In its first tweet, the account shared guidelines and regulations for engaging with the team.

The rules include a call for respectful, constructive dialogue, to refrain from insulting people or using rude words, and to reflect on the whole of Lebanon, including its people, cultures and civilisations.

The tweet asks people to remain respectful in hopes of quelling the hate that Diab and his team receive regularly.

https://twitter.com/hassandiabteam/status/1232919219186151424

The account has received several responses, many of them calling on Diab to stop economic policies which benefit the elites, resolve the country’s electricity crisis and grant Lebanese women the right to pass their citizenship to their children.

READ: Lebanon asks WHO for additional assistance to confront coronavirus

Some users have expressed their support for the government, and the hope of finding a quick and effective solution for the country’s deepening financial crisis.

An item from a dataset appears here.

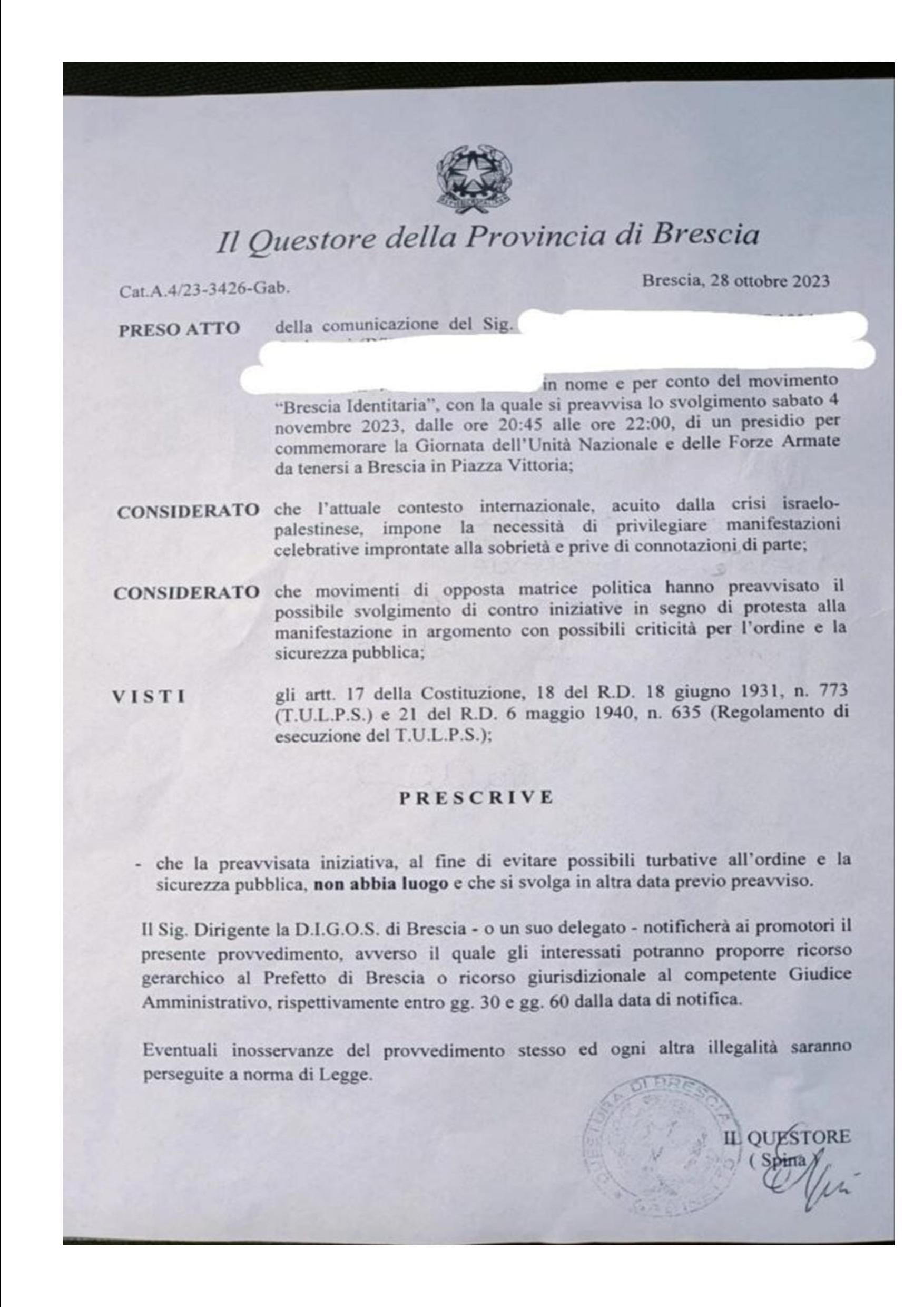 La Vittoria a Brescia, la Leonessa d’Italia, non si deve festeggiare. “Non s’ha da fare”, per dirla alla manzoniana (mi si perdoni la ripetività su questa citazione, ma davvero non credo ne esista una più identificativa degli atteggiamenti mafiosi della cultura dominante). Il motivo? Pretesti e – perdonate il termine – cazzabubbole. Nell’ordinanza del questore si legge del complicato contesto internazionale legato al confilitto israelo-palestinese e della necessità di evitare “manifestazioni di parte”. Per non parlare del terzo punto, ancora più comico, visto che si riferisce alla conoscenza di eventuali manifestazioni di stampo contrario. Insomma, non si può festeggiare il 4 novembre perché sarebbe “di parte”. Ma “di parte” cosa, cara questura? L’unica “parte” che rappresenta la Vittoria del 1918 è L’Italia. E chiunque viva e lavori in questo Paese dovrebbe ricordarsene. Tralascio, veramente per pietà, le sciocchezze sui conflitti in Medio Oriente e la presenza di qualcuno – ovviamente anti-italiano – a cui potrebbe non stare bene festeggiare il compimento del processo risorgimentale.

Several users have called on the prime minister to resign, with others raising questions over how this would benefit Lebanon, or help the country resolve current crises.

Diab’s team has responded to these claims but reiterating requests for users to abide by the rules laid out by the account, or to not participate. The account has used the same response for several negative tweets.

Diab’s government, which was formed in January after a month of negotiations, is facing the country’s worst economic crisis since the end of the civil war in 1990, amid fears of imminent economic collapse. The country is due to repay, or default on, Eurobonds maturing on 9 March.

Lebanon’s economic woes have been compounded by nearly five months of anti-government protests, which show no signs of abating.

Fears that the government, which failed to suspend flights from nations with large numbers of confirmed coronavirus cases for a week after the first infection in Lebanon was reported, has reacted lethargically to the threat of coronavirus sparked renewed public protests over government failures.